To complete our proof, suppose now that inequality (12) is false for \(q_r\). Let \(l\) be an integer and let \(x>x_0(l)\) be large. Consider the integers not exceeding \(x\) of the form \(q_r(t)\), where all prime factors of \(t\) are greater than \(q_r\). Since the sequence \(q_r\) satisfies property I, we obtain, as in Lemma 1, that the integers

\[ q_r m,\quad r=1,2,\ldots,l,\quad m<x/q_r, \tag{15} \]

are distinct. Denote by \(u_1,u_2,\ldots,u_s\) the numbers of the form (15). By Mertens’ theorem and the sieve of Eratosthenes, we obtain

\[ s=(1+O(1))\sum_{r=1}^{l}\frac{x}{q_r}\prod_{p=P(q_r)}\left(1-\frac{1}{p}\right) > Cx\left(\sum_r \frac{1}{q_r \log q_r}\right)+O(x). \tag{16} \]

Obviously, all prime factors of \(u\) are greater than \(t\), and since inequality (12) is false, we have

\[ \sum_{p/u_i}\frac{1}{p}>\frac{1}{t^{1/2}} . \]

Thus, on the one hand,

\[ \sum_{i=1}^{s}\sum_{p/u_i}\frac{1}{p}>\frac{s}{t^{1/2}}, \tag{17} \]

and on the other,

\[ \sum_{i=1}^{s}\sum_{p/u_i}\frac{1}{p} < \sum_{u=1}^{x}\sum_{\substack{p/u\\ p>t}}\frac{1}{p} < \sum_{p>t}\frac{x}{p^2} < \frac{x}{t}. \tag{18} \]
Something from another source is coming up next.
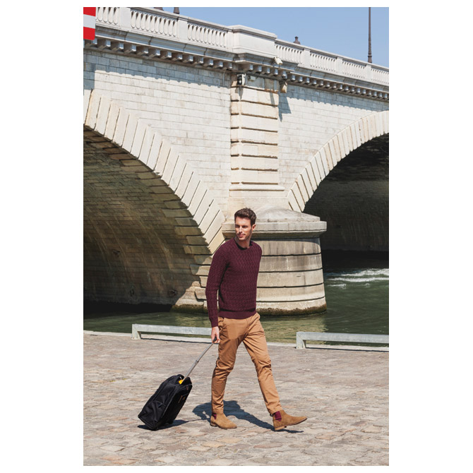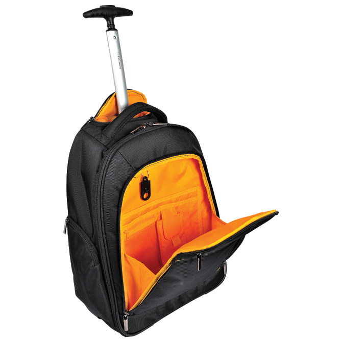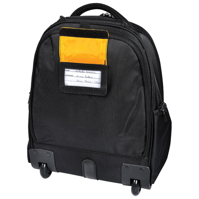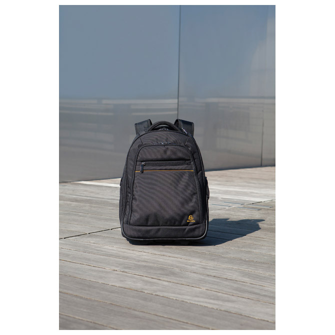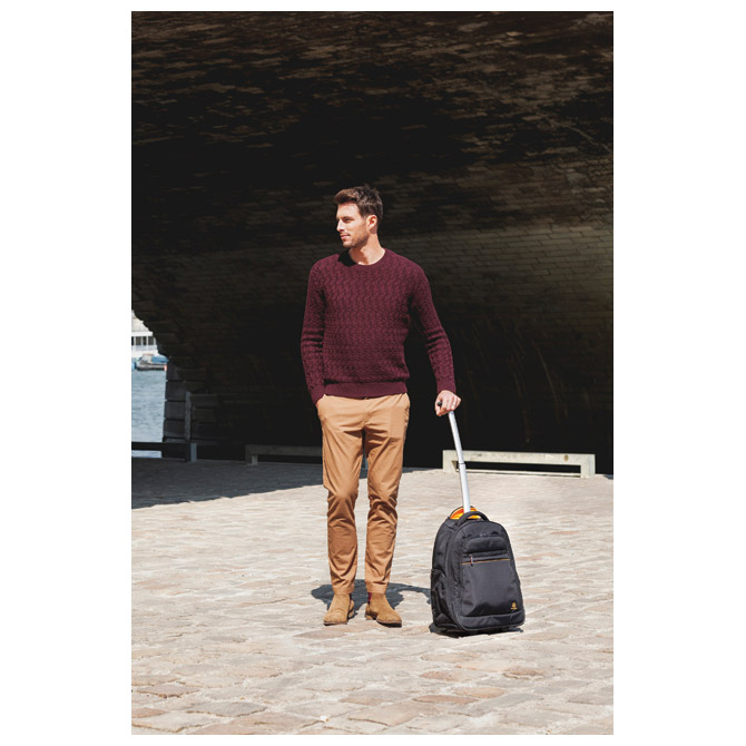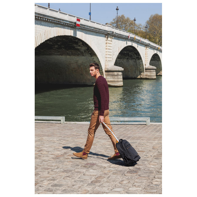 sa kotačićima i teleskopskom ručkom (skrivenom u pretincu sa zatvaranjem na zip); za 15,6″ prijenosno računalo + tablet; ima: glavni odjeljak sa zatvaranjem na zip te integrirani lokot na kojem jednostavno možete podesiti vlastitu šifru, džepić na zip s integriranim USB kabelom koji također ima pristupnu točku s vanjske strane, s vanjske strane jedan veći multifunkcijski pretinac na zip + klasičan pretinac na zip, mjesto za osobne podatke s preklopom na čičak, bočni pretinci sa zatvaranjem na zip; prihvaćen kao ručna prtljaga od većine avio kompanija

Therefore, from inequalities (17) and (18) we obtain the inequality

\[ s < x/t^{1/2}. \tag{19} \]

Thus inequalities (16) and (19) give the inequality

\[ \sum_{r=1}^{l}\frac{1}{q_r \log q_r}<c_5 t^{1/2}, \tag{20} \]

and since the last inequality is valid for every \(l\), the proof of Lemma 3, and consequently of the theorem, is complete.

Our proof does not use Kleitman’s combinatorial result \({}^{4}\). We do not know how to deal with the equation \([a_i,a_j]=a_r\) without using Kleitman’s result.

Mathematical Institute
Hungarian Academy of Sciences
Budapest, Hungary

Received
4 IV 1967

CITED LITERATURE

\({}^{1}\) P. Erdös, A. Sárközi, E. Szemerédi, J. Math. Anal. and Appl., 15, 60 (1966).
\({}^{2}\) P. Erdös, A. Sárközi, E. Szererédi, J. Australian Math. Soc., 7, 9 (1967).
\({}^{3}\) P. Erdös, London Math. Soc. J., 10, 116 (1935).
\({}^{4}\) D. Kleitman, Proc. Am. Math. Soc., 17, 139 (1966).